-- Data for processing follows --

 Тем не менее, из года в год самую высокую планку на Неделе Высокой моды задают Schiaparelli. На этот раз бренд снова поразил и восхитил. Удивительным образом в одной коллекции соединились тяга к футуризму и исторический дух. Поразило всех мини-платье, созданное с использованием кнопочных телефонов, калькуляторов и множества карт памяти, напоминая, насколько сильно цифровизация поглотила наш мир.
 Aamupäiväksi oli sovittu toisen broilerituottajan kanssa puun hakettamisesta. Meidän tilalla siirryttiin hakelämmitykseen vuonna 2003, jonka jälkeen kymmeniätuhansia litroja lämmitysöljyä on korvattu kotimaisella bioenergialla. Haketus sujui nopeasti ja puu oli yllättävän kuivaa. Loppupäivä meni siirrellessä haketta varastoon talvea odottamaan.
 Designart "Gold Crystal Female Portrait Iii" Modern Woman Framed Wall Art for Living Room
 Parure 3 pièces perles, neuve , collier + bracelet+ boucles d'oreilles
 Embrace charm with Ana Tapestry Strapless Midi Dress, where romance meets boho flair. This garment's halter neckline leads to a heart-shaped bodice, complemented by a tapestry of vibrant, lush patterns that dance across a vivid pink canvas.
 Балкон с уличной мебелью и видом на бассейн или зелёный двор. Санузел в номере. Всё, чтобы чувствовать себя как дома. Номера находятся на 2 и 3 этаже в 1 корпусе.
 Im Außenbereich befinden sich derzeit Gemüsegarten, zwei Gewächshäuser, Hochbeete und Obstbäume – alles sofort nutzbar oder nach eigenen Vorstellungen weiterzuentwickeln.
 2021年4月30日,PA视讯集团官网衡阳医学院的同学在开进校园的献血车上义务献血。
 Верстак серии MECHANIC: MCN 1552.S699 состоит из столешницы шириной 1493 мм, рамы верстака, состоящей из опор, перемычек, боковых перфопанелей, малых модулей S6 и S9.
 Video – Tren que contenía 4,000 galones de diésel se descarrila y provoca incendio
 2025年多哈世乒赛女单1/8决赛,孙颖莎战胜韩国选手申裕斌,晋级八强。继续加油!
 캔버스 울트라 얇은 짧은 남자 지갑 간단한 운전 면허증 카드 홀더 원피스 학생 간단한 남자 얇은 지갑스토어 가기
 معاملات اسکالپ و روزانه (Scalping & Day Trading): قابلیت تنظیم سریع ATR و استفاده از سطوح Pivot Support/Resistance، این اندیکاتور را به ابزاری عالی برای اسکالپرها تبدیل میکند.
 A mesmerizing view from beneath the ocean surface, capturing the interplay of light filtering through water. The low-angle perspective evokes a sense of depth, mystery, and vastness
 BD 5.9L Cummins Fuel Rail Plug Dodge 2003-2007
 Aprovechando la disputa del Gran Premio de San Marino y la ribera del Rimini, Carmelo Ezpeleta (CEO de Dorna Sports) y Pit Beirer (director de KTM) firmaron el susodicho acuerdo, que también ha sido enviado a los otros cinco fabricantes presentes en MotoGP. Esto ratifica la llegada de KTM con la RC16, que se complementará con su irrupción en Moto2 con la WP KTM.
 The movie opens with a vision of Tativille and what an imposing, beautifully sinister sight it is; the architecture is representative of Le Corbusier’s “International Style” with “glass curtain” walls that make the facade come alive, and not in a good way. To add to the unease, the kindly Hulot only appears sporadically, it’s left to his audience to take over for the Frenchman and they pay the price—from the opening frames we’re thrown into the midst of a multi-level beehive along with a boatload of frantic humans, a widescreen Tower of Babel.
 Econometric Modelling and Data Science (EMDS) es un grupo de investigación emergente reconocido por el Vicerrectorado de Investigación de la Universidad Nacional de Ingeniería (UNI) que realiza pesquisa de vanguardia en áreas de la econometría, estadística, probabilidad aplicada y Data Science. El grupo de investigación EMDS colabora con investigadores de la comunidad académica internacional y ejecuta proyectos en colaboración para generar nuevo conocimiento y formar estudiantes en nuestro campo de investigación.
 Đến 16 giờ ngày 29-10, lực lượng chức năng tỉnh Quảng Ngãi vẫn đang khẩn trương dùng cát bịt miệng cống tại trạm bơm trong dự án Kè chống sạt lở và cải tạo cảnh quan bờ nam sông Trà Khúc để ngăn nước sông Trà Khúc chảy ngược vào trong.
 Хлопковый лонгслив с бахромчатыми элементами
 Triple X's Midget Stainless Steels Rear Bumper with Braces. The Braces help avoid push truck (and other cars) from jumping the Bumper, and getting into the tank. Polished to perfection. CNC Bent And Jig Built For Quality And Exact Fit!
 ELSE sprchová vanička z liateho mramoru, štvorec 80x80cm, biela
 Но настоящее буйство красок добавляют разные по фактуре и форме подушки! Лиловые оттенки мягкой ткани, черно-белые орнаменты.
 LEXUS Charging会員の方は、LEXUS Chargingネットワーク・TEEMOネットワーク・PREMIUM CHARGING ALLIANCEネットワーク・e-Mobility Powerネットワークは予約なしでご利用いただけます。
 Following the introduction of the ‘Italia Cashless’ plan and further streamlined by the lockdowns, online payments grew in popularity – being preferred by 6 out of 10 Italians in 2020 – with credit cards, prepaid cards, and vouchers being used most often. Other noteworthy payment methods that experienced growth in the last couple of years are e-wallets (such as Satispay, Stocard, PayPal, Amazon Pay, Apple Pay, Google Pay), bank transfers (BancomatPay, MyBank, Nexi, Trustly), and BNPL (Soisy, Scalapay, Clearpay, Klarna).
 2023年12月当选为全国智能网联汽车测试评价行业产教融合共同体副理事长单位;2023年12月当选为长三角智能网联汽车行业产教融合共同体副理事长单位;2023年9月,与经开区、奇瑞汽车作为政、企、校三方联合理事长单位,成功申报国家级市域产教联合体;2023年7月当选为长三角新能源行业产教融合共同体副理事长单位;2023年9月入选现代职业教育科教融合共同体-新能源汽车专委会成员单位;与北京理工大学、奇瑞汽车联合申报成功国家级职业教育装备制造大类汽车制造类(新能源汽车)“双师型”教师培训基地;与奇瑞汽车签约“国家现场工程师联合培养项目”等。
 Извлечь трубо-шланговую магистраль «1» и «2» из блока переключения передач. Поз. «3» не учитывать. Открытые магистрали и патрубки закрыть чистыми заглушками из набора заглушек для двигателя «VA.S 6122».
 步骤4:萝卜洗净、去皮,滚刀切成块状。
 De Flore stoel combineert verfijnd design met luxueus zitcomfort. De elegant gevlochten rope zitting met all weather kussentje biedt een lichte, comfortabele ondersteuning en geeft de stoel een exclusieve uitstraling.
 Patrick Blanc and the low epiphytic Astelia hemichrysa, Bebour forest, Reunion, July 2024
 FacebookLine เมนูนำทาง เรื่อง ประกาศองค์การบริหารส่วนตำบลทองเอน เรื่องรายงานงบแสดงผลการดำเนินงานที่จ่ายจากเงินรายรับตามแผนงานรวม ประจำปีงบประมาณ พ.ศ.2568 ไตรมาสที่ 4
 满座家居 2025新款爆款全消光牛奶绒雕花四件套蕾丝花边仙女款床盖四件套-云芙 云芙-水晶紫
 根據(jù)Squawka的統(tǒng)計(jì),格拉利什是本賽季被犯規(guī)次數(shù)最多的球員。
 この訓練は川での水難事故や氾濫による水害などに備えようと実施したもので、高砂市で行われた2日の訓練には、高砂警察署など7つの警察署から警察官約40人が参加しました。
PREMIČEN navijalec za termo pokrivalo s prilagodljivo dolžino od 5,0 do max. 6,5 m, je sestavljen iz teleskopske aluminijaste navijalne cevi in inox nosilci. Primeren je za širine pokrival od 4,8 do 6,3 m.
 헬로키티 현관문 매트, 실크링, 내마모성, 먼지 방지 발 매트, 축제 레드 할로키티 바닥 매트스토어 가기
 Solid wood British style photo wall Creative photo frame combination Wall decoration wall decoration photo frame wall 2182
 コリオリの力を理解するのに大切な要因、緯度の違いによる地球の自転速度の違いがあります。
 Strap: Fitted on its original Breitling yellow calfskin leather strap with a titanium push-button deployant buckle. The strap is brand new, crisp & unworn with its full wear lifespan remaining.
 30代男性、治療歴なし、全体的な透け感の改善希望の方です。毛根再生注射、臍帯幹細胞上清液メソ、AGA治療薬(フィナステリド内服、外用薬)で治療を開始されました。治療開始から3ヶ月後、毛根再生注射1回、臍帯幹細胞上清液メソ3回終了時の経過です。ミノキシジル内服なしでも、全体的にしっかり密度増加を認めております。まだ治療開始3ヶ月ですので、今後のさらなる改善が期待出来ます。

-- Data for processing concluded --

Task goal: Please give an exact copy of the entries above, from the line with "Верстак серии MECHANIC: MCN" down to the line with "Aprovechando la disputa", inclusive, and nothing else.

Answer space:
 Верстак серии MECHANIC: MCN 1552.S699 состоит из столешницы шириной 1493 мм, рамы верстака, состоящей из опор, перемычек, боковых перфопанелей, малых модулей S6 и S9.
 Video – Tren que contenía 4,000 galones de diésel se descarrila y provoca incendio
 2025年多哈世乒赛女单1/8决赛,孙颖莎战胜韩国选手申裕斌,晋级八强。继续加油!
 캔버스 울트라 얇은 짧은 남자 지갑 간단한 운전 면허증 카드 홀더 원피스 학생 간단한 남자 얇은 지갑스토어 가기
 معاملات اسکالپ و روزانه (Scalping & Day Trading): قابلیت تنظیم سریع ATR و استفاده از سطوح Pivot Support/Resistance، این اندیکاتور را به ابزاری عالی برای اسکالپرها تبدیل میکند.
 A mesmerizing view from beneath the ocean surface, capturing the interplay of light filtering through water. The low-angle perspective evokes a sense of depth, mystery, and vastness
 BD 5.9L Cummins Fuel Rail Plug Dodge 2003-2007
 Aprovechando la disputa del Gran Premio de San Marino y la ribera del Rimini, Carmelo Ezpeleta (CEO de Dorna Sports) y Pit Beirer (director de KTM) firmaron el susodicho acuerdo, que también ha sido enviado a los otros cinco fabricantes presentes en MotoGP. Esto ratifica la llegada de KTM con la RC16, que se complementará con su irrupción en Moto2 con la WP KTM.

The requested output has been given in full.